→ **TASK GOAL**
In the records below, find the line with "- Ergonomik Tasarım: Bel" and the line with "Blush Pink Lace"; return exactly those lines and every line between them.

→ **INPUT**
---

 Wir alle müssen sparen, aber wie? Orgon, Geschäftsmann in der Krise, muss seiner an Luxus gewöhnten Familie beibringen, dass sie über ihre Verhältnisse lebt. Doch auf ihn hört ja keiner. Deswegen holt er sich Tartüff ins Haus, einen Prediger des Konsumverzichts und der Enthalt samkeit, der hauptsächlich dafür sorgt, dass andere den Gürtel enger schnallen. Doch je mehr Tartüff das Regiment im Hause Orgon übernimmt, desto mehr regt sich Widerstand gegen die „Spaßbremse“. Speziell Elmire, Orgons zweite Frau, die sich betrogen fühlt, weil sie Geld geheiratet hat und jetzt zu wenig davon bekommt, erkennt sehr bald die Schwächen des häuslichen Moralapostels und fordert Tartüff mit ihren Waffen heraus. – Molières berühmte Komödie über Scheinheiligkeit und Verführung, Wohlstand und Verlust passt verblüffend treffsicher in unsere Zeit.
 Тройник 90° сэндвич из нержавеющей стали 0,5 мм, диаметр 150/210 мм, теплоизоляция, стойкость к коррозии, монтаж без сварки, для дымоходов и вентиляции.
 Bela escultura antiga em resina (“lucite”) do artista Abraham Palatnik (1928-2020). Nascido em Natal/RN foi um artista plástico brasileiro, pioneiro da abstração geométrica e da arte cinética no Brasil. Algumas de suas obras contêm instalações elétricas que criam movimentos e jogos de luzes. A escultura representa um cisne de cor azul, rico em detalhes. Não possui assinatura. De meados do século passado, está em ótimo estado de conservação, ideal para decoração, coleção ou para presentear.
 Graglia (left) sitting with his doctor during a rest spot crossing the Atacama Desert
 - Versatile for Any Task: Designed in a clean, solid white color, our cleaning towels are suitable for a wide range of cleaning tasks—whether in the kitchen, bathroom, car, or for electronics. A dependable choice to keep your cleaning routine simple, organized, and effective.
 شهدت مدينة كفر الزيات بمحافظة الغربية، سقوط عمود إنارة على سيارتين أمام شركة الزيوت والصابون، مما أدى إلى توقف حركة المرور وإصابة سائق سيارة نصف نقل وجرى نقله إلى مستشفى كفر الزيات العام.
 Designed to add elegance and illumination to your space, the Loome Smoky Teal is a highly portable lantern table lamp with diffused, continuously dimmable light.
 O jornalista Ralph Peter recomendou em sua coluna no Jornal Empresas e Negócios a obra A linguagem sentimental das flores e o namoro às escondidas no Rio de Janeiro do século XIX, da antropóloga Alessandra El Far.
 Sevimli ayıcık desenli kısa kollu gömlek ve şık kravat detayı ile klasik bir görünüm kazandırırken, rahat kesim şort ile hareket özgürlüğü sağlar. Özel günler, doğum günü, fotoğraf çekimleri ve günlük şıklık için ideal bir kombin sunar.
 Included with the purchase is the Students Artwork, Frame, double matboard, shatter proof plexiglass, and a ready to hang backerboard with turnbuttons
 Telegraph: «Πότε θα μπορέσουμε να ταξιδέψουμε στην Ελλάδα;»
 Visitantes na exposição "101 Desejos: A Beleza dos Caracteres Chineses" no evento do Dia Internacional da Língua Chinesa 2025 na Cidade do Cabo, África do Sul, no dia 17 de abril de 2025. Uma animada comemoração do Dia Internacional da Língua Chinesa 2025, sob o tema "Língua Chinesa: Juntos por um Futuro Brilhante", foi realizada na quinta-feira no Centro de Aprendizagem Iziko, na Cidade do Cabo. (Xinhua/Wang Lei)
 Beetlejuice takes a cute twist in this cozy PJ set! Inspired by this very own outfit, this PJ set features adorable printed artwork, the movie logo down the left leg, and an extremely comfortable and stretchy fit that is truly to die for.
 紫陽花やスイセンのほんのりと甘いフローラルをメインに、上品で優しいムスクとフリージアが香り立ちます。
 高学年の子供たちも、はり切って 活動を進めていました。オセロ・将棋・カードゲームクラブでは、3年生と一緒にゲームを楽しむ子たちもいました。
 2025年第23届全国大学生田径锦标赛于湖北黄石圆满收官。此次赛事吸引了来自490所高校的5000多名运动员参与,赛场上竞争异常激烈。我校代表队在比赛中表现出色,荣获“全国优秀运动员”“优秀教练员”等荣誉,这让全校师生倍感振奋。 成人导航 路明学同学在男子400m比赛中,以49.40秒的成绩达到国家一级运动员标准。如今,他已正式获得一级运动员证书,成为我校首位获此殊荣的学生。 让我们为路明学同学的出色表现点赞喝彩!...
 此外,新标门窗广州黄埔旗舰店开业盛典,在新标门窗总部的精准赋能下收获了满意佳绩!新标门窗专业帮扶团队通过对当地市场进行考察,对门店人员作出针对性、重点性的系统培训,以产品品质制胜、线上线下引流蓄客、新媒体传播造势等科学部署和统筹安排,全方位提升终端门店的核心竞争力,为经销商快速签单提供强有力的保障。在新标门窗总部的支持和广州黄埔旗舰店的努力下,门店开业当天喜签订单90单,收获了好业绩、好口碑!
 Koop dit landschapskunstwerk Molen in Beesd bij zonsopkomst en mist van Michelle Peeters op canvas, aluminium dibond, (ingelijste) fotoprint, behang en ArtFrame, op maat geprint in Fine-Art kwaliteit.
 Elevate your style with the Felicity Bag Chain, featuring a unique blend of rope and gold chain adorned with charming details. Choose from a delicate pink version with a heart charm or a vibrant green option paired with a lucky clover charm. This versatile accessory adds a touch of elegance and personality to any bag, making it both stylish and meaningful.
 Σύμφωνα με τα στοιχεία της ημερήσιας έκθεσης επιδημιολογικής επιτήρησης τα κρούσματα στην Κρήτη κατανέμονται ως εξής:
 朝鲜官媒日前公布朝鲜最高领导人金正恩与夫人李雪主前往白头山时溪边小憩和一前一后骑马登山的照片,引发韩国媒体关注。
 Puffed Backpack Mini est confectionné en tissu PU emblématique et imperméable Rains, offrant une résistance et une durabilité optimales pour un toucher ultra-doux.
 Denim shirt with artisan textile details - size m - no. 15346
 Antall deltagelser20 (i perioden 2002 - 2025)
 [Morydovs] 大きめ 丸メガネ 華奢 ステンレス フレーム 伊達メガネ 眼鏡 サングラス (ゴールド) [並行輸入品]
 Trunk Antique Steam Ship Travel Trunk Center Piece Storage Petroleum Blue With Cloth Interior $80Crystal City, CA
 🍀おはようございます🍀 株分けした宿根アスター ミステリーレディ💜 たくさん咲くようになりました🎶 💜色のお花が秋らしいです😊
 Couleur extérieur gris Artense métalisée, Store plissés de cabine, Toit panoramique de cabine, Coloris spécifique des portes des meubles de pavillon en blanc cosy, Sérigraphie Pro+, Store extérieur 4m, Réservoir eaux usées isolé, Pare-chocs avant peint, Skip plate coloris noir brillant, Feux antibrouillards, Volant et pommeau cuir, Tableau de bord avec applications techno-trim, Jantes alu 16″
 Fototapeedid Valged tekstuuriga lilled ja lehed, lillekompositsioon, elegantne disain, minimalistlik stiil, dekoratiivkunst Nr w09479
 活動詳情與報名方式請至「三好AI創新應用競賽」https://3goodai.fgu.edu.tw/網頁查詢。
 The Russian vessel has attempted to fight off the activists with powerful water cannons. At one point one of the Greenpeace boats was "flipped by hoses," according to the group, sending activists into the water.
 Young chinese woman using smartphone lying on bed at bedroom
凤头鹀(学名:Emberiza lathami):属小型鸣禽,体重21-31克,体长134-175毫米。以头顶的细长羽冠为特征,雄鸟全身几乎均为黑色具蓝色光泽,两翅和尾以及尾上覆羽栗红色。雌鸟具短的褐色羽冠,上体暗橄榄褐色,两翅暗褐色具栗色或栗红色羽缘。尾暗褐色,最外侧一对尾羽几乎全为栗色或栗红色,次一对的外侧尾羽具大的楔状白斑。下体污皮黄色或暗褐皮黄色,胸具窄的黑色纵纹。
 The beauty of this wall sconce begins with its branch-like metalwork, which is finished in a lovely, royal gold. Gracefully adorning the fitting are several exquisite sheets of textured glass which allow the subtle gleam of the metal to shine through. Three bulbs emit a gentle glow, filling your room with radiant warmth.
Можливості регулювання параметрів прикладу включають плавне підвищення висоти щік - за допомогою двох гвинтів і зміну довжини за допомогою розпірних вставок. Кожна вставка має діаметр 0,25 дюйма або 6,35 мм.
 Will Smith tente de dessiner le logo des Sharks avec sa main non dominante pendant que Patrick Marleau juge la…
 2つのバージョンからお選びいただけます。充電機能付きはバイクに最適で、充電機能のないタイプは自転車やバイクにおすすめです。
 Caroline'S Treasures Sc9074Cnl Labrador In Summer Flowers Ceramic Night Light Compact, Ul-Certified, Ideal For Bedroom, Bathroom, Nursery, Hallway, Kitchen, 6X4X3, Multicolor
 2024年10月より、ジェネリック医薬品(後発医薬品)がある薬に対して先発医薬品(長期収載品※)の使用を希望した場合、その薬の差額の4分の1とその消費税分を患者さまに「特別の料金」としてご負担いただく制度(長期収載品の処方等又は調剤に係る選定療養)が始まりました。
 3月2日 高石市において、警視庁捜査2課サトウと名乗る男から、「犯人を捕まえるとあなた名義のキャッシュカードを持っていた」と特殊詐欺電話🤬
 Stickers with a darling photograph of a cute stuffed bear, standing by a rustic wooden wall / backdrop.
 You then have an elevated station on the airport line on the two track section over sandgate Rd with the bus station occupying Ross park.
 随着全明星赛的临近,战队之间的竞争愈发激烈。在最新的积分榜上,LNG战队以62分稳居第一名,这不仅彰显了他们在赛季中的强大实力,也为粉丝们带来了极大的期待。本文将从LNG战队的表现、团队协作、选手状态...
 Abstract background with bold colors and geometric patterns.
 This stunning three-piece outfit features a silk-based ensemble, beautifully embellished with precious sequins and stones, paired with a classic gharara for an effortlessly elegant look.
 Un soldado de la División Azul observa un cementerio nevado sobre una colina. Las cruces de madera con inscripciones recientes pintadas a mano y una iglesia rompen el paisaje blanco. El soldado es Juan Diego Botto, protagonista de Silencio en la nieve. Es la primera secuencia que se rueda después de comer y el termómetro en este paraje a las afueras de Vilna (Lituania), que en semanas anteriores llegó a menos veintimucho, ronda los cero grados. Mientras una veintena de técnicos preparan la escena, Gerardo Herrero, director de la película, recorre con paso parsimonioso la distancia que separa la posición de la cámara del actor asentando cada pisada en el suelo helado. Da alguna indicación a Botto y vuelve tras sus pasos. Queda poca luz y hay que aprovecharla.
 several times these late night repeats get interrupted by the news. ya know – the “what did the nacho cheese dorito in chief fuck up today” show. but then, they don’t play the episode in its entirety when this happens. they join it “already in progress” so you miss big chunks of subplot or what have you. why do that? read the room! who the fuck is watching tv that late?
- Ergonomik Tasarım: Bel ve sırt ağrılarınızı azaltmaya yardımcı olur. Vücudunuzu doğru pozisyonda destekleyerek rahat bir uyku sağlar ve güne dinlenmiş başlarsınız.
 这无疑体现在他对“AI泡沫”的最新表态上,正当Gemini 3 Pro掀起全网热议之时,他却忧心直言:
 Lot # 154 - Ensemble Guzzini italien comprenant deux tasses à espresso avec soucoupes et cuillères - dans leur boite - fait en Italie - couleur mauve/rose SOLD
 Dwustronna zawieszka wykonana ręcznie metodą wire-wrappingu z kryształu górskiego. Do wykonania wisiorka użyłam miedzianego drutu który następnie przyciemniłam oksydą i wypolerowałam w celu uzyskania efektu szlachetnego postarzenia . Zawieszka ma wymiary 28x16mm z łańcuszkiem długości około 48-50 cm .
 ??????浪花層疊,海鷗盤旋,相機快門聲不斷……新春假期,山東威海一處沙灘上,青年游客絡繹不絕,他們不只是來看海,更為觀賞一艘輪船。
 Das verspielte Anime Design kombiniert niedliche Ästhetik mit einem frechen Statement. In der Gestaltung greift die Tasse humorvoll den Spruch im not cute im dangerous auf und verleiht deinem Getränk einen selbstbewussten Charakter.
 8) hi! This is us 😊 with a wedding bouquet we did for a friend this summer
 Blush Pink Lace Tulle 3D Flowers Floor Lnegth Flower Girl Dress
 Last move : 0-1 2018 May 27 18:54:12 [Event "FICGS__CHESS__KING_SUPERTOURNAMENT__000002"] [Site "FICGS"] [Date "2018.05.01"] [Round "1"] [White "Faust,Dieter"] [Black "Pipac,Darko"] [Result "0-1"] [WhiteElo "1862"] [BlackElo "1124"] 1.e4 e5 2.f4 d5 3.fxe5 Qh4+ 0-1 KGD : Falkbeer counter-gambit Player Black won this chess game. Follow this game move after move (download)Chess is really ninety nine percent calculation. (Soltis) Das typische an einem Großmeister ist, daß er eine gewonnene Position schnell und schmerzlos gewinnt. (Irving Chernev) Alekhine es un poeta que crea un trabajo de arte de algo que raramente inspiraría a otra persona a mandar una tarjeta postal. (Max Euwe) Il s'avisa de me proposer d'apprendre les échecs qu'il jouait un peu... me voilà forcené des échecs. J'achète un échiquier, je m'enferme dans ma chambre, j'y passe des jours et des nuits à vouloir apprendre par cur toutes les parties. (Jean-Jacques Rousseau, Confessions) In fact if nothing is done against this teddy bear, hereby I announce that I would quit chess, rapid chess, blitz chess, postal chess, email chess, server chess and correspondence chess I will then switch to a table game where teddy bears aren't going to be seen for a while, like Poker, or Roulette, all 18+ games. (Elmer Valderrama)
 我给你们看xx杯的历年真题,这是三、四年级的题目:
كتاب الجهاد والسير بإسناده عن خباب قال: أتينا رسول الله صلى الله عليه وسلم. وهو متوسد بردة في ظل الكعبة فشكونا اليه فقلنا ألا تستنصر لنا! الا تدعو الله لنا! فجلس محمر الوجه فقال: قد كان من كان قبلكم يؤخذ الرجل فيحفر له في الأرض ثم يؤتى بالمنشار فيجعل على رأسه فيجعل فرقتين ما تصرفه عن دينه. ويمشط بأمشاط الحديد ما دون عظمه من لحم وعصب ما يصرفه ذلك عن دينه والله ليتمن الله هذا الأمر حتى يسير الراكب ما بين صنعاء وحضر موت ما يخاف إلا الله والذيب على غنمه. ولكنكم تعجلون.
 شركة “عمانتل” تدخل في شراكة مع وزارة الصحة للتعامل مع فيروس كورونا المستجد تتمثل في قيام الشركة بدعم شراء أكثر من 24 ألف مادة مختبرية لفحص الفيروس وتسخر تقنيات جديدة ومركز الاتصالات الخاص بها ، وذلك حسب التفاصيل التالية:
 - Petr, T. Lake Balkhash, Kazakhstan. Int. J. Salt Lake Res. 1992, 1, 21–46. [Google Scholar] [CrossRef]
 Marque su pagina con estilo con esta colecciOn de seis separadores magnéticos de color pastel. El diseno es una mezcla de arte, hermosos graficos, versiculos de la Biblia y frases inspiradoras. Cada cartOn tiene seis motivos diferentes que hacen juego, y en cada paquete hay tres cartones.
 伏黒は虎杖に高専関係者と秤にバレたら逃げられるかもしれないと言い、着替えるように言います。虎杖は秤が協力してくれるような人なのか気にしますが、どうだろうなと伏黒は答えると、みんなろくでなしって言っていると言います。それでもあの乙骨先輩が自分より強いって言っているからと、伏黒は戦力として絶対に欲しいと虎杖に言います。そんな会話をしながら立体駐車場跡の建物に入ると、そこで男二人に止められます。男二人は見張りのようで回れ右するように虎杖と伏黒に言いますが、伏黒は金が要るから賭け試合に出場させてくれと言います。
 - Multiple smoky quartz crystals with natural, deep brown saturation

---

→ **RESULT FOR THIS EXERCISE**
- Ergonomik Tasarım: Bel ve sırt ağrılarınızı azaltmaya yardımcı olur. Vücudunuzu doğru pozisyonda destekleyerek rahat bir uyku sağlar ve güne dinlenmiş başlarsınız.
 这无疑体现在他对“AI泡沫”的最新表态上,正当Gemini 3 Pro掀起全网热议之时,他却忧心直言:
 Lot # 154 - Ensemble Guzzini italien comprenant deux tasses à espresso avec soucoupes et cuillères - dans leur boite - fait en Italie - couleur mauve/rose SOLD
 Dwustronna zawieszka wykonana ręcznie metodą wire-wrappingu z kryształu górskiego. Do wykonania wisiorka użyłam miedzianego drutu który następnie przyciemniłam oksydą i wypolerowałam w celu uzyskania efektu szlachetnego postarzenia . Zawieszka ma wymiary 28x16mm z łańcuszkiem długości około 48-50 cm .
 ??????浪花層疊,海鷗盤旋,相機快門聲不斷……新春假期,山東威海一處沙灘上,青年游客絡繹不絕,他們不只是來看海,更為觀賞一艘輪船。
 Das verspielte Anime Design kombiniert niedliche Ästhetik mit einem frechen Statement. In der Gestaltung greift die Tasse humorvoll den Spruch im not cute im dangerous auf und verleiht deinem Getränk einen selbstbewussten Charakter.
 8) hi! This is us 😊 with a wedding bouquet we did for a friend this summer
 Blush Pink Lace Tulle 3D Flowers Floor Lnegth Flower Girl Dress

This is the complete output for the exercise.